> Your task: Below is a listing. Return the lines from the one that contains "Well, I didn’t" to the one that contains "薛继东副院长代表管理实务教研", both ends included, verbatim and with no pictures.

> Data for this exercise:
-- Opening Marker --

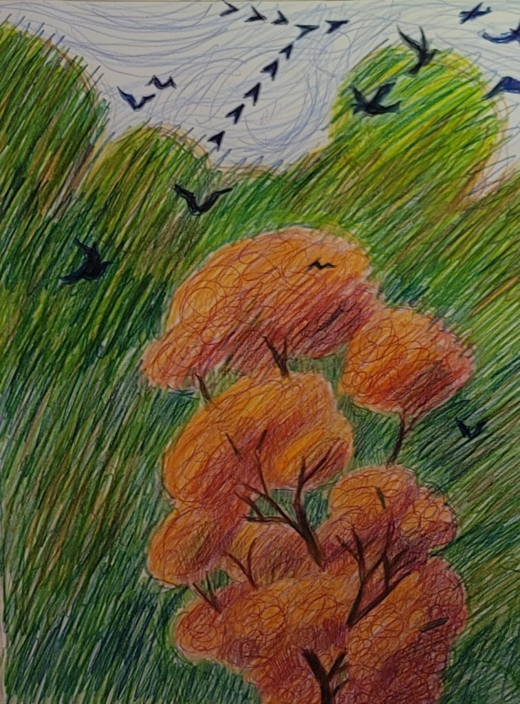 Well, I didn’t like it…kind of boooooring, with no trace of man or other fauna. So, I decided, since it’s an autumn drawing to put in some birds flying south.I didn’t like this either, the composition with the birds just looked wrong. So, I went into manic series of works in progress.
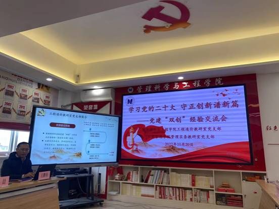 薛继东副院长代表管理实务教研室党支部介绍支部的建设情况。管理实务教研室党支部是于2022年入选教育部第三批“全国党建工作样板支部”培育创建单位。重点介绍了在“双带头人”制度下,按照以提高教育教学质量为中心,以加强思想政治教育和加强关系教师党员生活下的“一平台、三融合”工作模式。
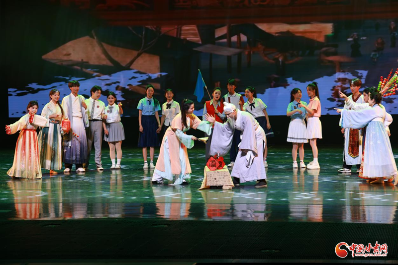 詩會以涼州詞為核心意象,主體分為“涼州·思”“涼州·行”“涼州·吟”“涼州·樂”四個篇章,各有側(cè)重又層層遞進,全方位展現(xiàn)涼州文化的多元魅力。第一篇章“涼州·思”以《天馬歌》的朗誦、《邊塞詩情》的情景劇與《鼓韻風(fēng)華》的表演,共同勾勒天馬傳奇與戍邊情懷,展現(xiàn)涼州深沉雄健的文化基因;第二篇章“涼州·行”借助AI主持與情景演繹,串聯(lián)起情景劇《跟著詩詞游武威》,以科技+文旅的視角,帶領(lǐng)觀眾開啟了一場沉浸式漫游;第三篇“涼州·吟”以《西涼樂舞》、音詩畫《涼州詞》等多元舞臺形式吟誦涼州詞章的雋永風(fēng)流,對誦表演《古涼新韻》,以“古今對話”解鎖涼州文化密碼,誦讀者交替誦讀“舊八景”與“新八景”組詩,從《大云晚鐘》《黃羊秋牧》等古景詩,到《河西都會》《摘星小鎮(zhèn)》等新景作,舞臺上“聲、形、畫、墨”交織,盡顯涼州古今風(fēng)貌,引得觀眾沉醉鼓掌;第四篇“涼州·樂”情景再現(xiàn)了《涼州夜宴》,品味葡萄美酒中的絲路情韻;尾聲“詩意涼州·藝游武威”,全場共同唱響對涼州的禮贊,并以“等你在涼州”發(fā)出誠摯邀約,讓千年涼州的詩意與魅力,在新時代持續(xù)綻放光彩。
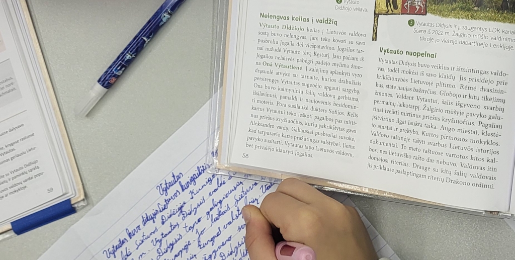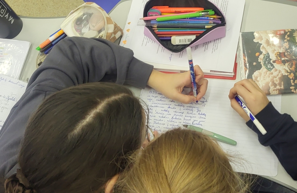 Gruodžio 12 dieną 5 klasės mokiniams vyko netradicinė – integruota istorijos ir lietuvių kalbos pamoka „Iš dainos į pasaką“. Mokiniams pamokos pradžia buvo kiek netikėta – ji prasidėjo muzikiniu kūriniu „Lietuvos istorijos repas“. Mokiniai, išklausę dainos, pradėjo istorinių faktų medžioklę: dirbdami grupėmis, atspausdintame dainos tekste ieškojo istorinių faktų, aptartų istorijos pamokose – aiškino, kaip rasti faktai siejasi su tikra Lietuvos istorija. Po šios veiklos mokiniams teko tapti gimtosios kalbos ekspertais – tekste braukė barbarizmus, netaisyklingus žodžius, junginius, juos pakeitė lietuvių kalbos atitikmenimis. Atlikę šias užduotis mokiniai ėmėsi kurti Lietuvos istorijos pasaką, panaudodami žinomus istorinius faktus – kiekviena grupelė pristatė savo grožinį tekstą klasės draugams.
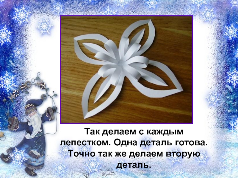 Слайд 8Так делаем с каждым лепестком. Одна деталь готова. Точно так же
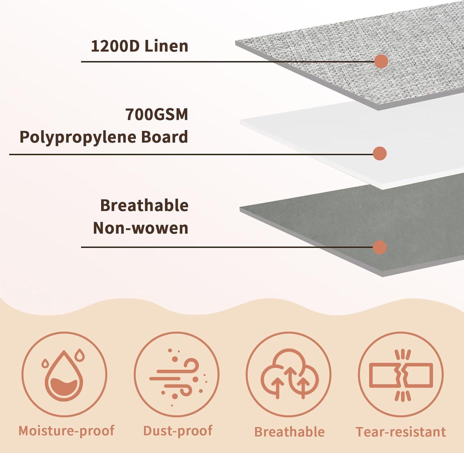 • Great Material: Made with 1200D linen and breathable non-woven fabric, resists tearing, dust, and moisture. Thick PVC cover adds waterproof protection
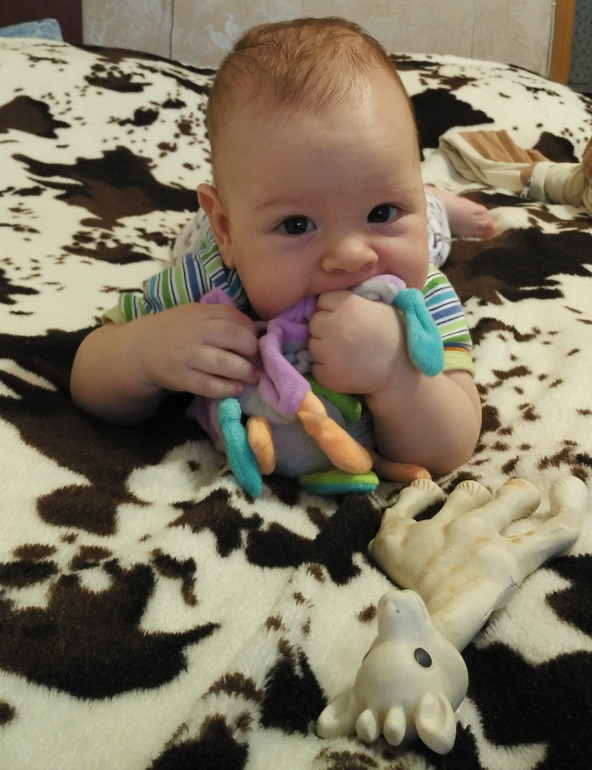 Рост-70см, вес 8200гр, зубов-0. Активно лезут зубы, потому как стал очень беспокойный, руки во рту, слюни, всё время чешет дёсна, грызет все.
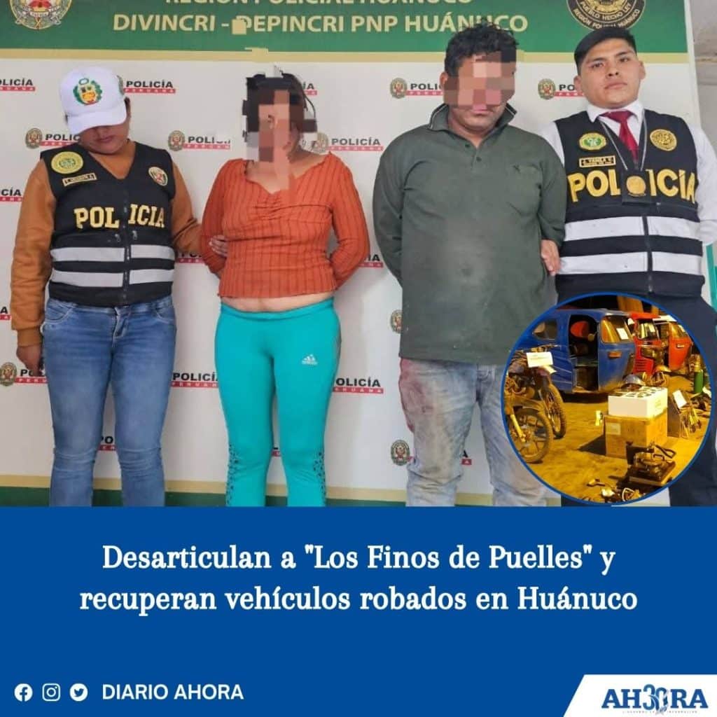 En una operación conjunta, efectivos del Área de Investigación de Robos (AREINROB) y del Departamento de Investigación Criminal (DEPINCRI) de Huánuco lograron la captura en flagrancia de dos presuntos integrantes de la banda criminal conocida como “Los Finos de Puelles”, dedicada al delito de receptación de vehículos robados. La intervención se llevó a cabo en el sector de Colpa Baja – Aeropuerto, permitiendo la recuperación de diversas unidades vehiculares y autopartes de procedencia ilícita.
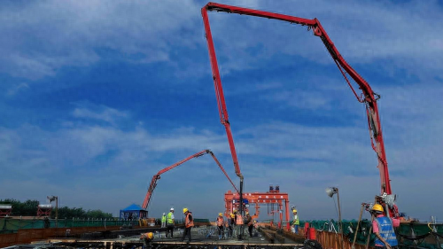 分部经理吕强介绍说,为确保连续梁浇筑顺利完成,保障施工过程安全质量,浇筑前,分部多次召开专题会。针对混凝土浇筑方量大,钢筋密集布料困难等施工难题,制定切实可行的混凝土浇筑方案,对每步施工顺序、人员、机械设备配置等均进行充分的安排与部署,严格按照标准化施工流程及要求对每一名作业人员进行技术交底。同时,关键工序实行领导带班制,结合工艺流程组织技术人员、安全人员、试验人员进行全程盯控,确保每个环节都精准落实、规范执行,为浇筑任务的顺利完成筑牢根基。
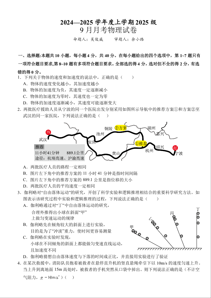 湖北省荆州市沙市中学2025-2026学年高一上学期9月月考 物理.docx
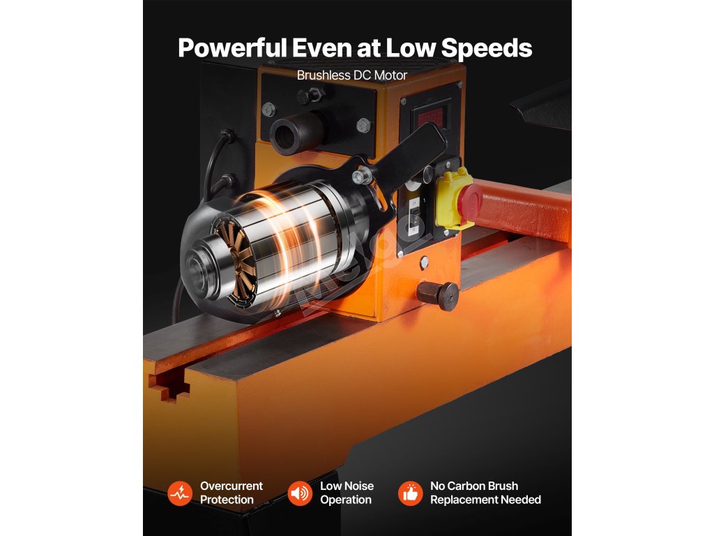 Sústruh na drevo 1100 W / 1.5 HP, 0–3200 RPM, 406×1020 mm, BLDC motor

-- Closing Marker --
-- Opening Marker --

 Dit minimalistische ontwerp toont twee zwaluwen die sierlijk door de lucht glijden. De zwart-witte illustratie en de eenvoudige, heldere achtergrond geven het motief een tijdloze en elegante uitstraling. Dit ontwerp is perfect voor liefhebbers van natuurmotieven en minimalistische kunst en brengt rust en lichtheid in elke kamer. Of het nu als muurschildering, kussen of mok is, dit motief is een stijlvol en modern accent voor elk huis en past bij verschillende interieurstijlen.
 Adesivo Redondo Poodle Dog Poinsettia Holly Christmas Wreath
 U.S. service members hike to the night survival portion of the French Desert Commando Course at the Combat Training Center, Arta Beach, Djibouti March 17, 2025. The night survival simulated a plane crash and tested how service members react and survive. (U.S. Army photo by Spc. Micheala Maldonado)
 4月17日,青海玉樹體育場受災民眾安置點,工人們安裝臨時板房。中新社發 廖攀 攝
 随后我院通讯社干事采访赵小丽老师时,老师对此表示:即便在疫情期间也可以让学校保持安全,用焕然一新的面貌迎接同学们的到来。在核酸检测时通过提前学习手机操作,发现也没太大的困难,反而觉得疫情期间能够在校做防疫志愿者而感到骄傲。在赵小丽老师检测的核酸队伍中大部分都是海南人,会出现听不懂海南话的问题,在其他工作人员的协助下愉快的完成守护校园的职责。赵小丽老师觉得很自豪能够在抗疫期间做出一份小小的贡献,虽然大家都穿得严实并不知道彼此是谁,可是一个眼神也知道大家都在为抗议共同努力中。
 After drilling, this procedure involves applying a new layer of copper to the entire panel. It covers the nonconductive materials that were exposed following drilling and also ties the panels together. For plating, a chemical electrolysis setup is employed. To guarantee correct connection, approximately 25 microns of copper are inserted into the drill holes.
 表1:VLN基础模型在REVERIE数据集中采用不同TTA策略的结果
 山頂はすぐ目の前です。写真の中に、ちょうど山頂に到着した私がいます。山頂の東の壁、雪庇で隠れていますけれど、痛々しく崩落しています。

-- Closing Marker --
-- Opening Marker --

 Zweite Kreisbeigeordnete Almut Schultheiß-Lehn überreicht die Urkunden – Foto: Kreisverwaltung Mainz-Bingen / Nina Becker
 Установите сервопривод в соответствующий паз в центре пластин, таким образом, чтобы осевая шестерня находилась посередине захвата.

-- Closing Marker --

> Answer section:
 Well, I didn’t like it…kind of boooooring, with no trace of man or other fauna. So, I decided, since it’s an autumn drawing to put in some birds flying south.I didn’t like this either, the composition with the birds just looked wrong. So, I went into manic series of works in progress.
 薛继东副院长代表管理实务教研室党支部介绍支部的建设情况。管理实务教研室党支部是于2022年入选教育部第三批“全国党建工作样板支部”培育创建单位。重点介绍了在“双带头人”制度下,按照以提高教育教学质量为中心,以加强思想政治教育和加强关系教师党员生活下的“一平台、三融合”工作模式。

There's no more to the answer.